Reflecting the social turmoil of the time, many of Asiniiwin's people left the reservation within a decade; others had never relocated there, and their descendants live in towns throughout the Pacific Northwest. For instance, many bought plots of land on Hill 57, outside Great Falls, Montana. Congress passed legislation on September 7, 1916, creating the Rocky Boy's Indian Reservation. Those Chippewa-Cree living near Great Falls were not counted as citizens in the 1917 census of the reservation but were part of the tribe.
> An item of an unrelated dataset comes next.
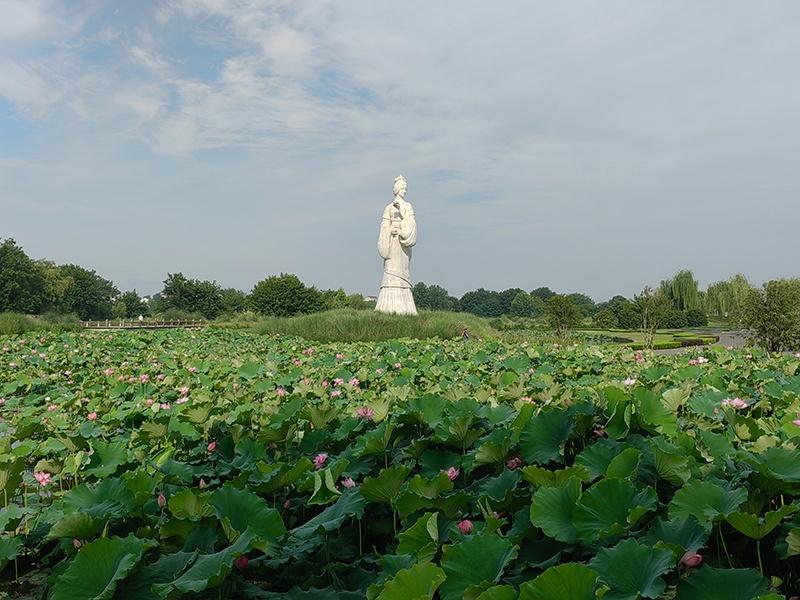 下得车来,置身其中。天汉湿地公园风光正好,一处绿地,颇具汉风的天汉楼阁高耸入云,俯瞰湿地,似乎给每一位游客讲述着两汉三国的历史过往和千古风流人物。与之呼应的是一尊柔美的汉白玉窈窕淑女——汉水女神像,宛在水中央,尽展着汉家妹子纯洁无瑕,勤劳质朴的高贵品质。四周曲水流觞,荷叶连连,芙蓉争艳,引得留恋蝴蝶时时舞。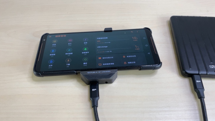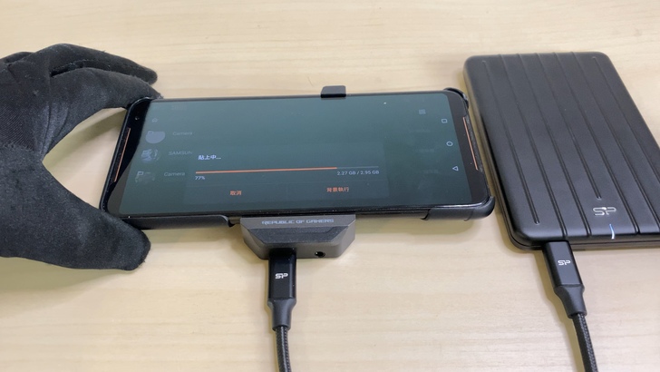 這個方法適用於 Type C 且支援外接硬碟的手機或平板。不過現在 Type C 很普及,幾乎新手機都有支援,差異只是在速度快慢,接頭通用性其實頗高。例如近期測試以 ASUS ROG Phone 2 和 OnePlus 7 都可以讀取到 SP B75 Pro。

In May 1917, the Interior Department compiled another list of residents on the reservation. By then additional Native Americans had migrated there and others had left. Fewer than 45 of the 451 names listed on the "Tentative Roll of the Rocky Boy Indian Reservation" (1917) were Chippewa from the earlier 1909 roll. Many were Cree, descendants of Little Bear's (Imasees) band, and Métis, descendants of the Louis Riel band of mixed-race peoples from the Red River of the North area. According to tribal traditions of absorbing war captives and protecting all children of tribal women, if residents identified as Cree or Chippewa, they were listed as Native American, regardless of whether they had other ancestry. The 1917 roll was approved by the Department of the Interior in July 1917; it has since been the basis for tribal citizenship rolls and allotments.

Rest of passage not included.